**Given material**
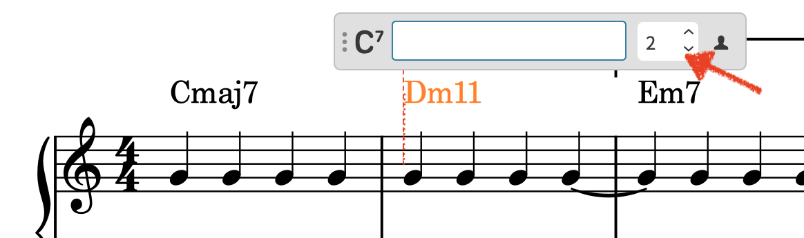 Shift + Q でコード記号の入力ダイアログボックスを開くと、右側に数字の欄が表示されます。
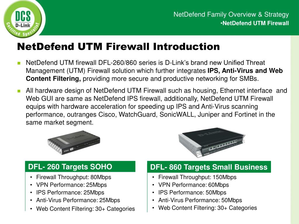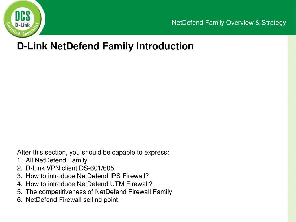 D-Link NetDefend Family Introduction NetDefend Family Overview & Strategy After this section, you should be capable to express: All NetDefend Family D-Link VPN client DS-601/605 How to introduce NetDefend IPS Firewall? How to introduce NetDefend UTM Firewall? The competitiveness of NetDefend Firewall Family NetDefend Firewall selling point.
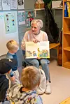 LESESTUND: Målet med Leseløftet-ordninga er å auka leselysta og sikra ein betre balanse mellom bok og skjerm for dei yngste. Her frå ei høgtlesing med Bente Raknes i Lunde barnehage i 2024.
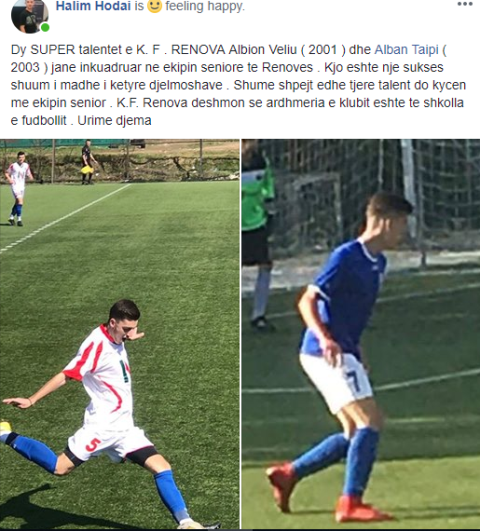 “Që të dy tashmë janë pjesë e ekipit të parë, ku po kryejnë stërvitjet nën udhëheqjen e trajnerit Jeton Beqiri. Për ne si trajner të grupomoshave të reja, pa dyshim se kjo përbënë kënaqësi, pasi puna jonë vlerësohet, ndërsa shpresojmë se edhe në të ardhmen do të punojmë në këtë drejtim që ekipin e parë ta ushqyejmë me futbollistë nga shkollat tona” – u shoreh ish futbollisti i Shkëndijës dhe FC Shkupit (ish Sloga Jugomagnagtit), Halim Hodai, i cili te Renova punon me gjeneratat 2001-2002 dhe 2004-2005.

**Problem statement**
Please copy exactly the lines from the one that contains "LESESTUND: Målet med" through the last line of the listing above, leaving out the pictures.

**Exercise output**
 LESESTUND: Målet med Leseløftet-ordninga er å auka leselysta og sikra ein betre balanse mellom bok og skjerm for dei yngste. Her frå ei høgtlesing med Bente Raknes i Lunde barnehage i 2024.
 “Që të dy tashmë janë pjesë e ekipit të parë, ku po kryejnë stërvitjet nën udhëheqjen e trajnerit Jeton Beqiri. Për ne si trajner të grupomoshave të reja, pa dyshim se kjo përbënë kënaqësi, pasi puna jonë vlerësohet, ndërsa shpresojmë se edhe në të ardhmen do të punojmë në këtë drejtim që ekipin e parë ta ushqyejmë me futbollistë nga shkollat tona” – u shoreh ish futbollisti i Shkëndijës dhe FC Shkupit (ish Sloga Jugomagnagtit), Halim Hodai, i cili te Renova punon me gjeneratat 2001-2002 dhe 2004-2005.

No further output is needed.